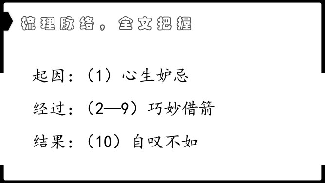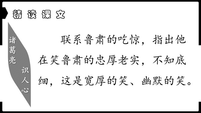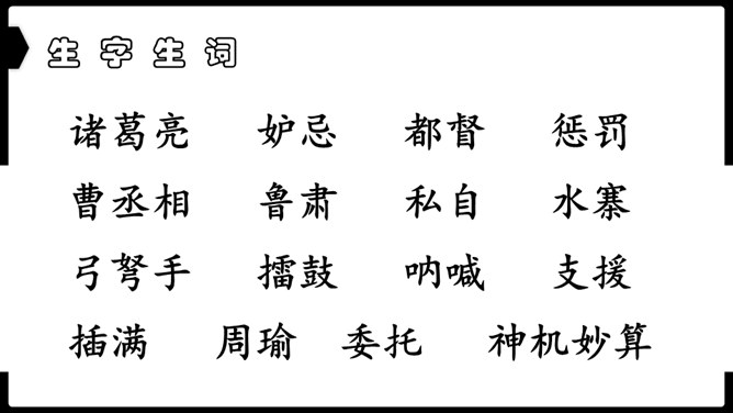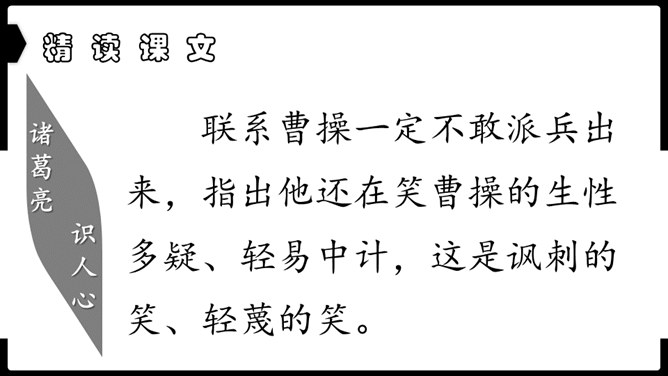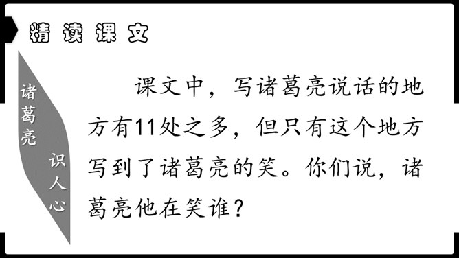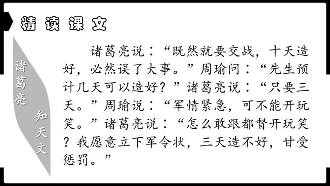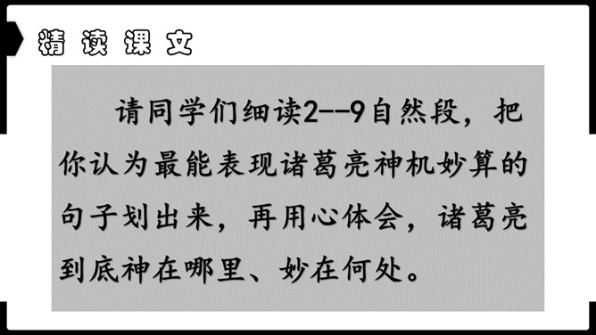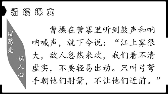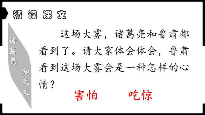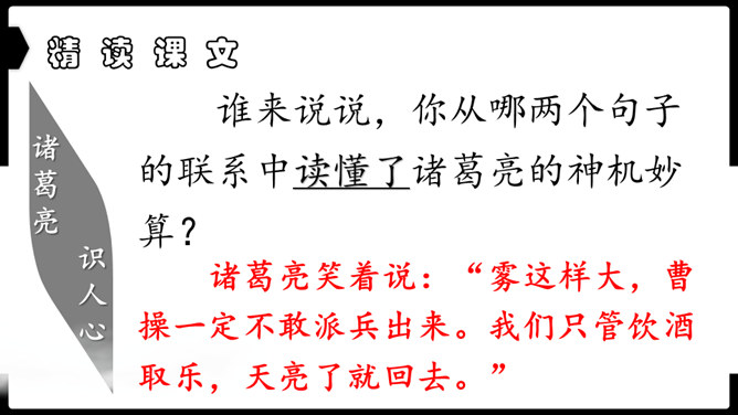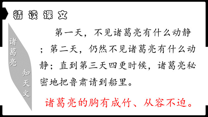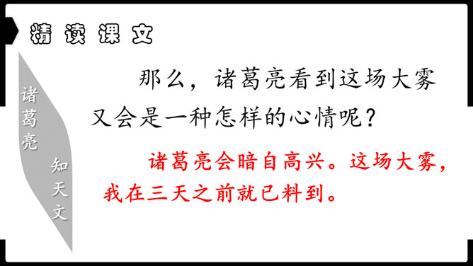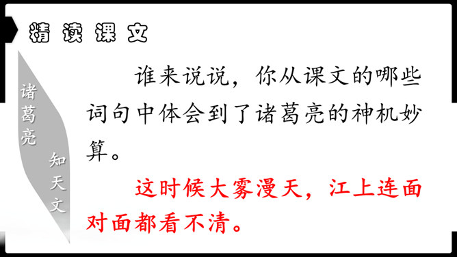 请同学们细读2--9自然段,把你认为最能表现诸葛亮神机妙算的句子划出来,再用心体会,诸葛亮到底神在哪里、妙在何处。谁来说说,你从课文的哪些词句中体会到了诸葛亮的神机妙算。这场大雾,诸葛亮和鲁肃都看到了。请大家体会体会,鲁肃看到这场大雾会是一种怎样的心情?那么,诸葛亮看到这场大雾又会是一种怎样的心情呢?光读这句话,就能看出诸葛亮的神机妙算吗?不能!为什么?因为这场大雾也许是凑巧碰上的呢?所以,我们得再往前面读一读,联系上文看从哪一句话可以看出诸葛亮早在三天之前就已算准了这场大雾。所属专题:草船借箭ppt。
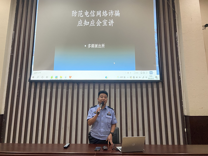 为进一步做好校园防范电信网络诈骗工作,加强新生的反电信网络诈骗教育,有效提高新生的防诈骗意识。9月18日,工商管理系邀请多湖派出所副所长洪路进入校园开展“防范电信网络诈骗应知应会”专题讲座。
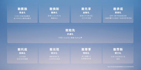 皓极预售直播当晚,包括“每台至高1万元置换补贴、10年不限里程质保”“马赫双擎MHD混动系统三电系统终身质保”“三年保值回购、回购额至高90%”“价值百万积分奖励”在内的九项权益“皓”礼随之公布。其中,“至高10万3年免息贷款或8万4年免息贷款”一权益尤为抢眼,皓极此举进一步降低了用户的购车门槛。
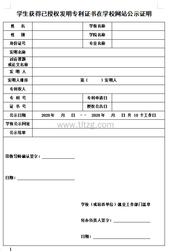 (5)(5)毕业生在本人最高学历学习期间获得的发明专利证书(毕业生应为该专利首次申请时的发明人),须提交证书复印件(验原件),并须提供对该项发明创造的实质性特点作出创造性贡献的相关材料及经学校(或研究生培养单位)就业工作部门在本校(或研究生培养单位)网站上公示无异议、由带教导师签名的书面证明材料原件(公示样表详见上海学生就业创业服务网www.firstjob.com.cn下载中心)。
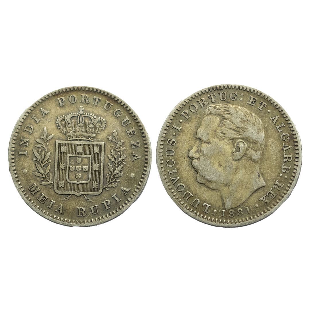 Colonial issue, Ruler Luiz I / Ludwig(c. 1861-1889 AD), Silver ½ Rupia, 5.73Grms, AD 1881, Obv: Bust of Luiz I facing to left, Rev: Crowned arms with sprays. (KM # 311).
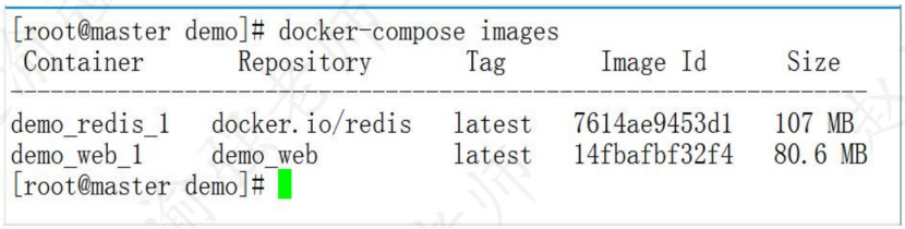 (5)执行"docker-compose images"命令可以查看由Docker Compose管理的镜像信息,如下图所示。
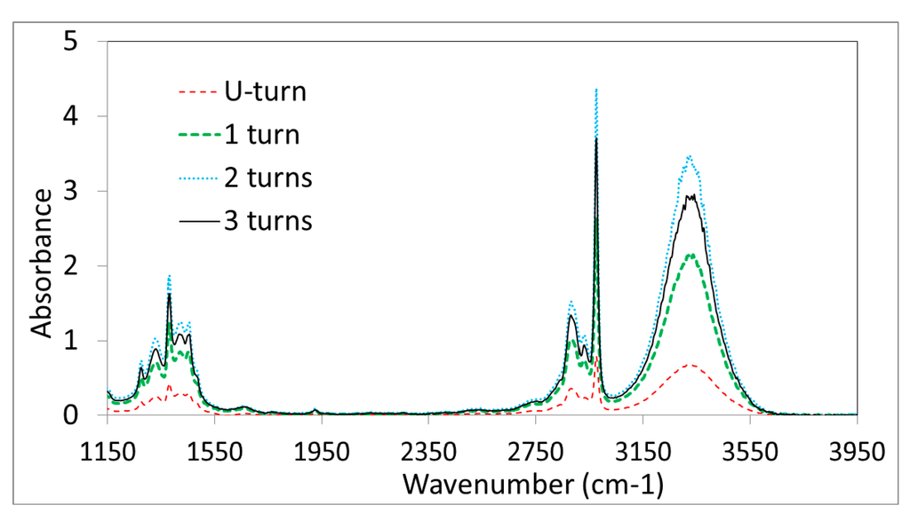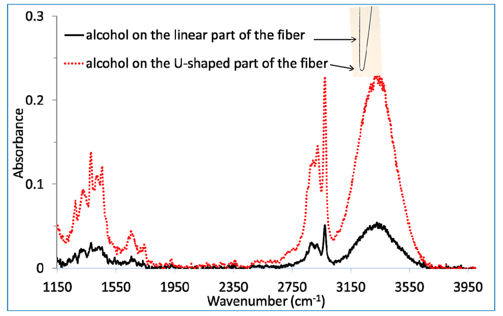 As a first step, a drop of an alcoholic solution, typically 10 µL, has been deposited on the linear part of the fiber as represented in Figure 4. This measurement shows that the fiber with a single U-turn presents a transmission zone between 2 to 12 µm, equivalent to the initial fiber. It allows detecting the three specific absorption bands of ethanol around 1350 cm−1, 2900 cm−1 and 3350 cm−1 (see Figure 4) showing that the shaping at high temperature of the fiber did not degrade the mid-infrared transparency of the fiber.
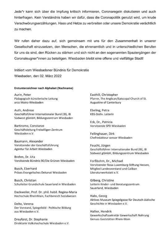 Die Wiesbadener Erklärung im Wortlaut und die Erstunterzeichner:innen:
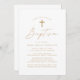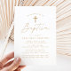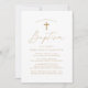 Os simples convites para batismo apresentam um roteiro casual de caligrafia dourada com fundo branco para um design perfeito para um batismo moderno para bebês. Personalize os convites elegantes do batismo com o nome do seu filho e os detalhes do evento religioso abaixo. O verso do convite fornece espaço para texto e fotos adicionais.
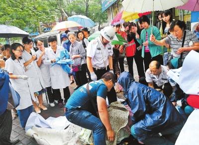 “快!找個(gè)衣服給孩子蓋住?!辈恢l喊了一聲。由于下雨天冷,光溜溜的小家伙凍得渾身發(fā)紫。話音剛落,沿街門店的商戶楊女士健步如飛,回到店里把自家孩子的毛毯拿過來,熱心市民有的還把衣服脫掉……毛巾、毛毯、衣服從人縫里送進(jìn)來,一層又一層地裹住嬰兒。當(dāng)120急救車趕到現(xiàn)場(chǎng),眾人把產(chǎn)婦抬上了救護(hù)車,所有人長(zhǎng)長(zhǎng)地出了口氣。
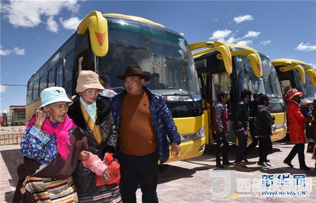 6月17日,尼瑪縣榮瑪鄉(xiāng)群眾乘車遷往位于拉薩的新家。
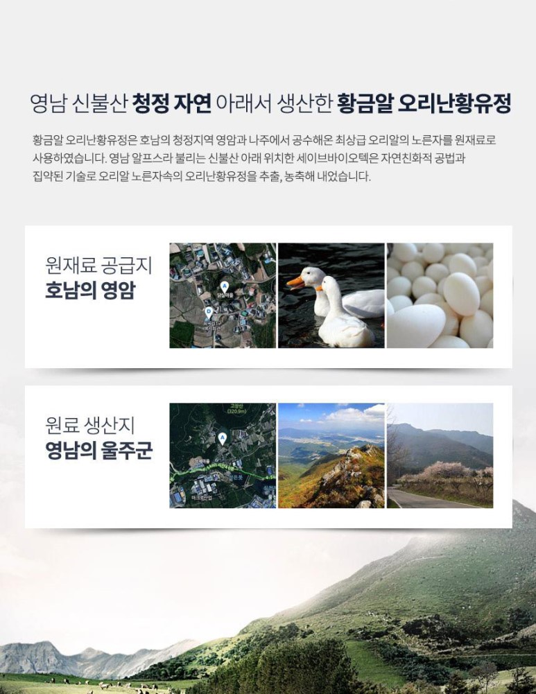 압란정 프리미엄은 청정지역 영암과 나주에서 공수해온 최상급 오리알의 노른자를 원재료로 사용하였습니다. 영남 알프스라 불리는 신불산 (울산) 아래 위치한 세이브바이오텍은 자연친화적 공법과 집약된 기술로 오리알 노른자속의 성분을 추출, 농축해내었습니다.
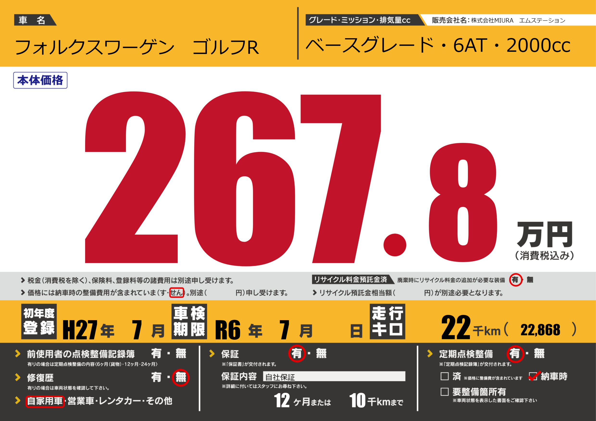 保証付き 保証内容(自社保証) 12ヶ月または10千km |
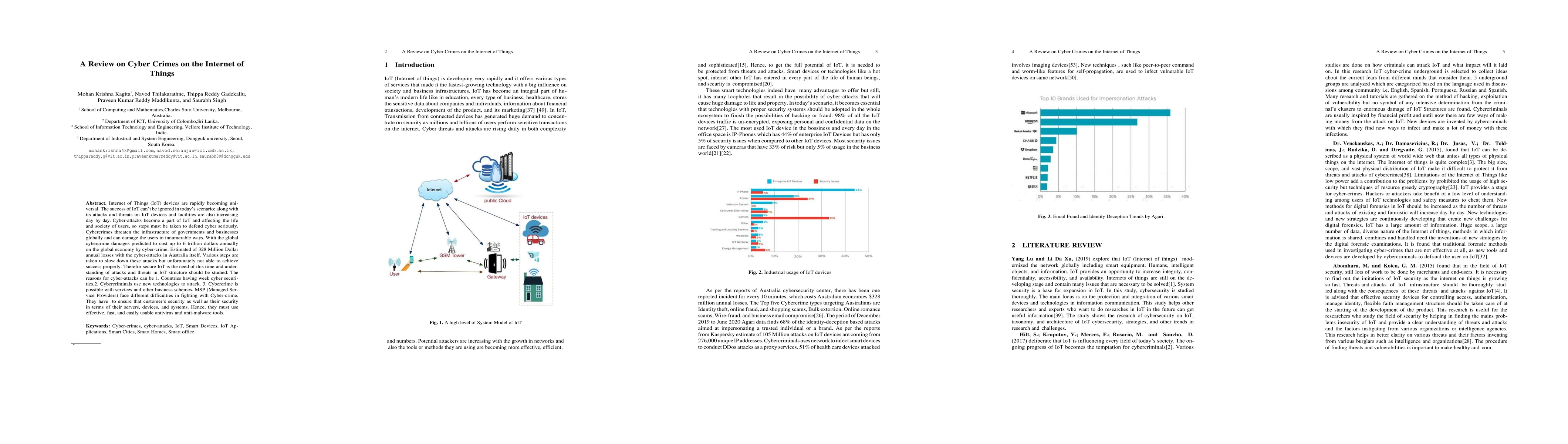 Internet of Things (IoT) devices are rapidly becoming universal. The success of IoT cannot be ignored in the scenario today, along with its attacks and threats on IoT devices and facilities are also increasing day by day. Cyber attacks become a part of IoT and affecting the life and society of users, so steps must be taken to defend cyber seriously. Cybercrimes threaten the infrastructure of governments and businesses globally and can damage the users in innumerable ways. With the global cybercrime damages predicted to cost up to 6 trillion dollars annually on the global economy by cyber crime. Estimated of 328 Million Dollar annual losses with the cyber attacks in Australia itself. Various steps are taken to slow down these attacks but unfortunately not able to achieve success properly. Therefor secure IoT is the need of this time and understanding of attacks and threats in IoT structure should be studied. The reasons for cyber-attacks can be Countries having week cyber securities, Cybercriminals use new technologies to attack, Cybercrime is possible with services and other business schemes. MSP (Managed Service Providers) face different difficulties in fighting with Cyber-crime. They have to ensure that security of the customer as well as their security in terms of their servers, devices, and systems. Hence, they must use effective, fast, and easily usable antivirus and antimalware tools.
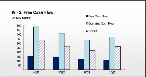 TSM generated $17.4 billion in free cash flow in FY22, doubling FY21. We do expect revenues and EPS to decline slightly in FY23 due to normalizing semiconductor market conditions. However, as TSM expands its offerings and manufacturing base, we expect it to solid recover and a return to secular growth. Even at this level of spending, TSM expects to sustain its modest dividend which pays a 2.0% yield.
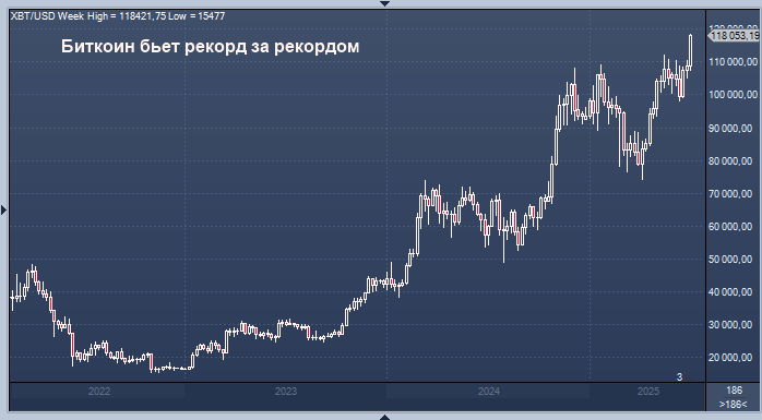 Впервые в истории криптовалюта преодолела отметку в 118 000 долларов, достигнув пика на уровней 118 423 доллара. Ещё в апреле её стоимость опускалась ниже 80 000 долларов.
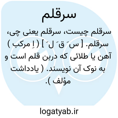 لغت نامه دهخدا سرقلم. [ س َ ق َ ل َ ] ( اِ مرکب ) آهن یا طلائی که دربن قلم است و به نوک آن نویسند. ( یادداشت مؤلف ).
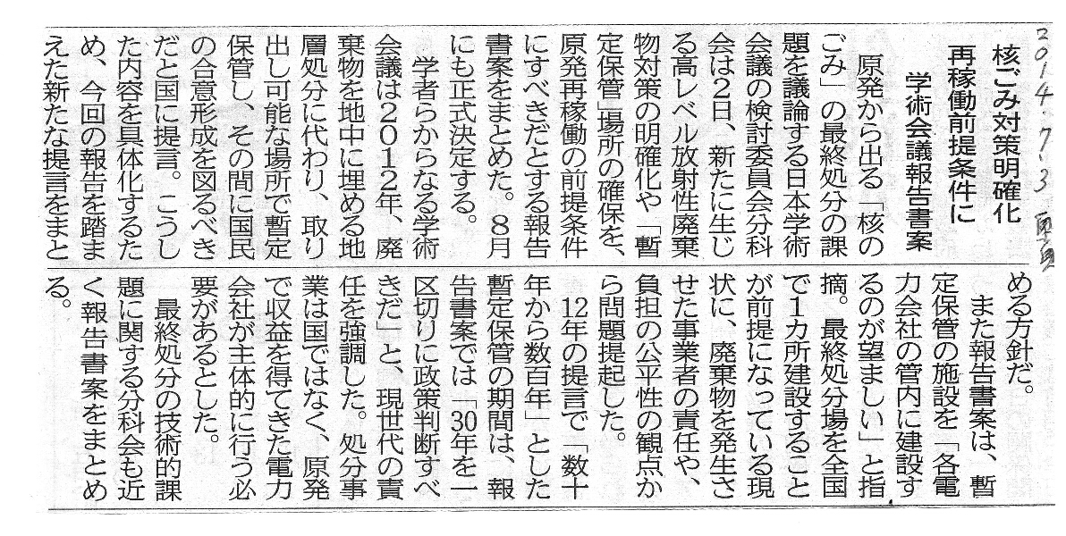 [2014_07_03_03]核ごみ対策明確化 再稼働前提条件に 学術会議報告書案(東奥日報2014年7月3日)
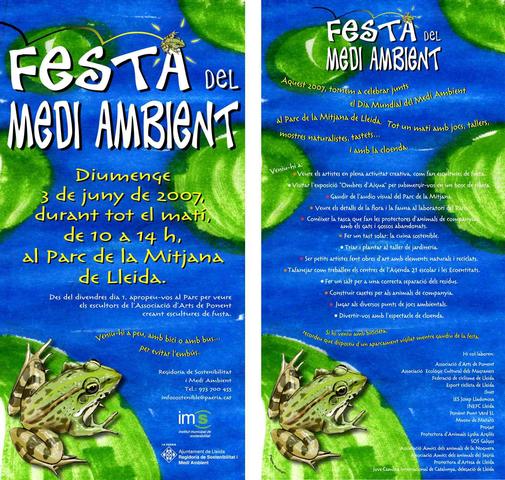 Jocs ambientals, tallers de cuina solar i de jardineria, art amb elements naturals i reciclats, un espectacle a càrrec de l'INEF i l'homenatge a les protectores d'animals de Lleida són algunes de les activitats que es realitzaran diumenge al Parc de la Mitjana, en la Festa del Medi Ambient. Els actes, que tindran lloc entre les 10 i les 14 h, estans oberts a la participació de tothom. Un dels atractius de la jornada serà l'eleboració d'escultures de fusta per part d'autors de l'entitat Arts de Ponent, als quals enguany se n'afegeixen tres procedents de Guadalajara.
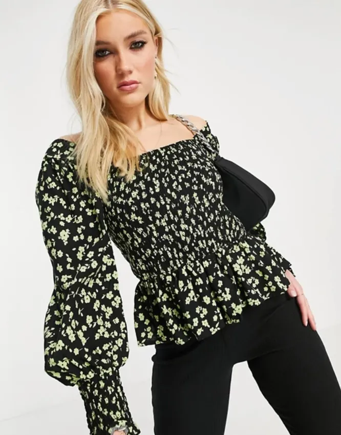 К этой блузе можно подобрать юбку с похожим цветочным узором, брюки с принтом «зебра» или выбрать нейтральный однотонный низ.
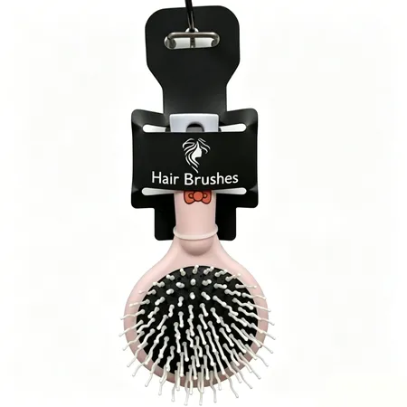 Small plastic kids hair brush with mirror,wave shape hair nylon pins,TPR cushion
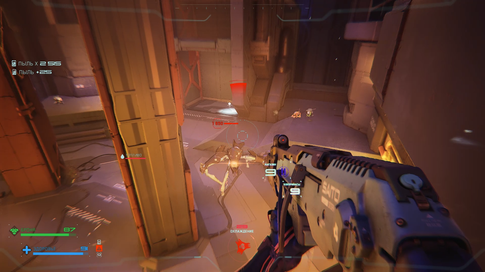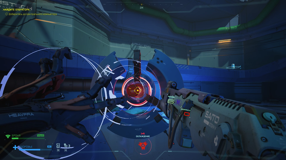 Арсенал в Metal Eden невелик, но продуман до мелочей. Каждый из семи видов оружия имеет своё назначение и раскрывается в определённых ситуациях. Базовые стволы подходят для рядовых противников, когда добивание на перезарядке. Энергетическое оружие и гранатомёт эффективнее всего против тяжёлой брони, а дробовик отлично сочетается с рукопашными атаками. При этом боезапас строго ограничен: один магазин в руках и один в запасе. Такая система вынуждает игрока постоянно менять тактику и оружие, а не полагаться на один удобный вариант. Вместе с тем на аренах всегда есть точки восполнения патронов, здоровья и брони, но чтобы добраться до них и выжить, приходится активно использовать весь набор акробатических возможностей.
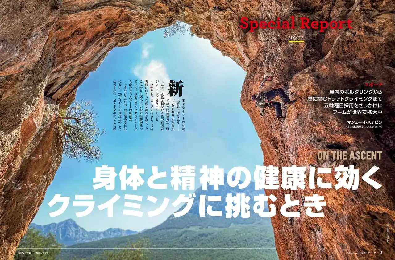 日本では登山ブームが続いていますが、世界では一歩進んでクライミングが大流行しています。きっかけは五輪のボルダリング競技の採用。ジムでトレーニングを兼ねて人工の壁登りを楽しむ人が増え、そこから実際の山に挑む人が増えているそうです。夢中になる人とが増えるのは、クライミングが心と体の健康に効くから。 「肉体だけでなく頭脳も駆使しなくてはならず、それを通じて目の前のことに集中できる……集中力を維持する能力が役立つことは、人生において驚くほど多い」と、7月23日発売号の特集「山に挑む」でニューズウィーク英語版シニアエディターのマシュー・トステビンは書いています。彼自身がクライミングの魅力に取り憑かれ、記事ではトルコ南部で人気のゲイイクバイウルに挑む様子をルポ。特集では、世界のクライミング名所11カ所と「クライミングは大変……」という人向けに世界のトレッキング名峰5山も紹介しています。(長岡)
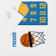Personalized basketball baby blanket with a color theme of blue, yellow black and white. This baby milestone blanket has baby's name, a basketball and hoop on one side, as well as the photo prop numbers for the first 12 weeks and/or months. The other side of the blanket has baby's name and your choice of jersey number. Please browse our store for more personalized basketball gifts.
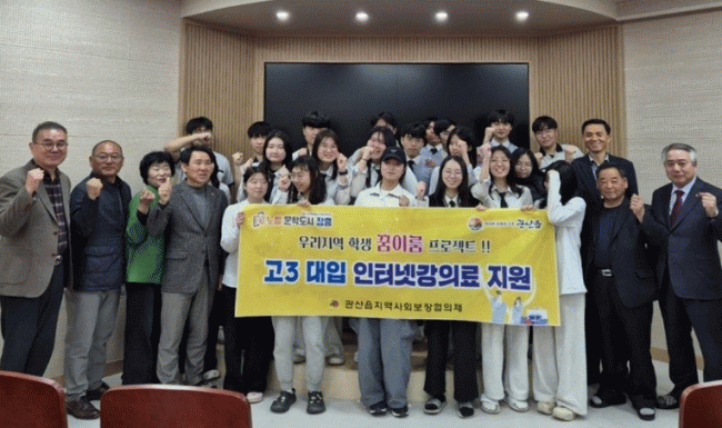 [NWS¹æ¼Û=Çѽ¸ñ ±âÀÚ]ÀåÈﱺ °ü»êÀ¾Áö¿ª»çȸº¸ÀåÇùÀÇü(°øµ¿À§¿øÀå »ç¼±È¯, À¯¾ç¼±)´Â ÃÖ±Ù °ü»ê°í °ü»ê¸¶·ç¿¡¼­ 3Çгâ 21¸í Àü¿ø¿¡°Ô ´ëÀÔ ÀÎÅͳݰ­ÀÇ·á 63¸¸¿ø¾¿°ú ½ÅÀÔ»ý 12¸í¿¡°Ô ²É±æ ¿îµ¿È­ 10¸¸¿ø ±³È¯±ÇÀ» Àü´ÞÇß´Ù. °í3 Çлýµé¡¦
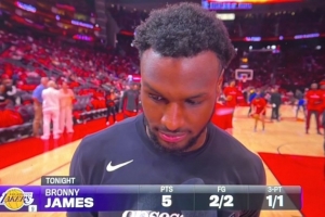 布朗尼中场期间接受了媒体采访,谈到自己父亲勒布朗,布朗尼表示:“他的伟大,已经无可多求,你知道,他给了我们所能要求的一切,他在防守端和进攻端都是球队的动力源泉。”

§ **TASK DIRECTIONS**: With the pictures removed, print only the lines starting at the line that has "TSM generated $17.4" and ending at the line that has "[2014_07_03_03]核ごみ対策明確化 再稼働前提条件に 学術会議報告書案(東奥日報2014年7月3日)", both ends included, exactly as they stand above.

§ **TASK RESPONSE**:
 TSM generated $17.4 billion in free cash flow in FY22, doubling FY21. We do expect revenues and EPS to decline slightly in FY23 due to normalizing semiconductor market conditions. However, as TSM expands its offerings and manufacturing base, we expect it to solid recover and a return to secular growth. Even at this level of spending, TSM expects to sustain its modest dividend which pays a 2.0% yield.
 Впервые в истории криптовалюта преодолела отметку в 118 000 долларов, достигнув пика на уровней 118 423 доллара. Ещё в апреле её стоимость опускалась ниже 80 000 долларов.
 لغت نامه دهخدا سرقلم. [ س َ ق َ ل َ ] ( اِ مرکب ) آهن یا طلائی که دربن قلم است و به نوک آن نویسند. ( یادداشت مؤلف ).
 [2014_07_03_03]核ごみ対策明確化 再稼働前提条件に 学術会議報告書案(東奥日報2014年7月3日)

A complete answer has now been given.